# BLT Spread



## BakersDozen (May 20, 2005)

BLT Spread

If you like bacon, lettuce and tomato sandwiches, you'll love the flavors in this made-for-a-crowd appetizer.

1 cup mayonnaise 
2 (8-ounce) packages cream cheese, softened 
1 1/2 teaspoons coarsely ground pepper 
1 cup shredded lettuce 
7 slices (3/4 cup) bacon, cooked, crumbled 
1/2 cup chopped tomatoes 
1/4 cup chopped green onions 
3 ounces (3/4 cup) deli LAND O LAKES® Cheddar Cheese, shredded 
Crackers or lahvosh (Armenian cracker bread), broken into serving-size pieces 

Combine mayonnaise, cream cheese and pepper in small mixer bowl. Beat at medium speed, scraping bowl often, until smooth (1 to 2 minutes). 
Spread mayonnaise mixture onto bottom of 9-inch round serving dish; top with lettuce, bacon, tomatoes, green onions and cheese. Serve with crackers. 

Makes 24 servings.

TIP: Mayonnaise mixture can be prepared up to 2 days ahead. Store refrigerated. Top with remaining ingredients just before serving.

TIP: Lahvosh is a thin, leavened crisp bread found in sizes ranging from 6 to 16 inches in diameter. It is also called Armenian cracker bread. In its crisp state, it can be used for dipping or with spreads. The softened form of lahvosh can be used to make large wraps or appetizers. To soften the crisp lahvosh, hold the bread under cold running water, making sure both sides are wet. Wrap in two damp towels for 1 hour or so until it becomes pliable. It can then be spread with fillings, rolled up and eaten as a wrap or sliced for pinwheel appetizers


----------



## Vegas Girl (May 21, 2005)

Mmmm, sounds like a good idea for our graduation party!


----------



## IcyMist (May 28, 2005)

Another recipe to try out....thank you


----------



## lyndalou (May 29, 2005)

Icymist, let us know how you like the BLT spread.

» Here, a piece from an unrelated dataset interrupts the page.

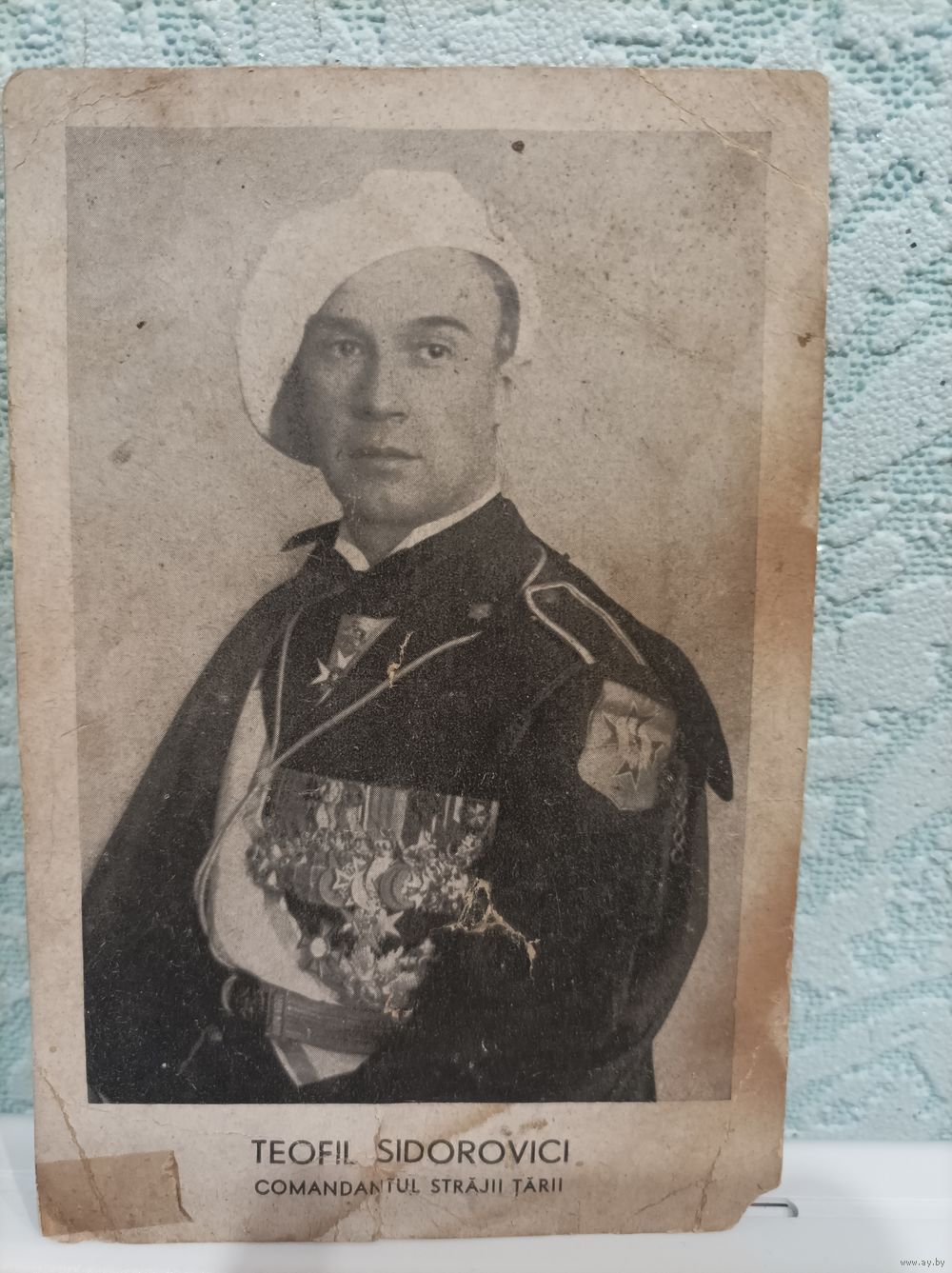 Карточка приблизительно 1930 года. Теофил Сидорович, майор королевской Румынии, фактический руководитель румынской молодежной военизированной организации "Страж родины", основанной в 1935 году королем Каролем II в противовес растущему влиянию "Железной гвардии" в среде молодежи Румынии. 3 декабря 1938 года, по установлении тотальной личной диктатуры короля Кароля II, эта организация стала единственной разрешенной молодежной организацией и все юноши в возрасте от 7 до 18 лет, и все девушки от 7 лет до 21 года обязаны были состоять в ней. Основными задачами организации являлись: патриотическое воспитание, спортивная и начальная военная подготовка, всяческое содействие укреплению культа личности короля Кароля II. И, хоть короля часто называли "Великий Страж", фактическое руководство организацией осуществлял Теофил Сидорович.

I've printed it, and will rely on your judgement.


----------



## IcyMist (May 29, 2005)

Am not sure when I will be able to try the recipe as it is going in the stack of "make when I have time" stash.  As for if I personally will like it?  I have been losing my sense of smell and sense of taste for the last 4 years, so you can't depend on my taste.  That is why I rely on family members to check out recipes that I make.    Really funny I can't smell burned microwaved popcorn but I can smell vanilla extract.  Weird, huh?


----------



## lyndalou (May 30, 2005)

Do you know why your losing the taste and smell senses? Is there a treatment?


----------



## IcyMist (May 30, 2005)

No I have no clue.  I use to smoke 3 to 3 1/2 packs of cigarettes a day and the doctor I asked about my sense of smell said that that was probably the reason and if I quit smoking it would improve.  Hmmm now that I think of it I was losing my sense of smell a lot longer than 4 years as I quit smoking 5 years ago.  Problem has gotten worse instead of better.


----------



## Dove (May 30, 2005)

IcyMist,
My SIL lost her sense of taste..she blames it on Motrin...


----------



## Shunka (May 30, 2005)

Loss of smell can be hereitary too. My oldest daughter started losing her sense of smell at 12 years old, she is now almost 25 and worries if she is ever around a gas leak.


----------



## The Z (Jun 1, 2005)

This recipe reminds me of a cold salad "pizza" that my mom used to make... she would bake some kind of pastry base (Pillsbury from a tube if I know her ) then put the cream cheese mixture on that before finally topping with various fresh veggies.

Very nice, actually.


----------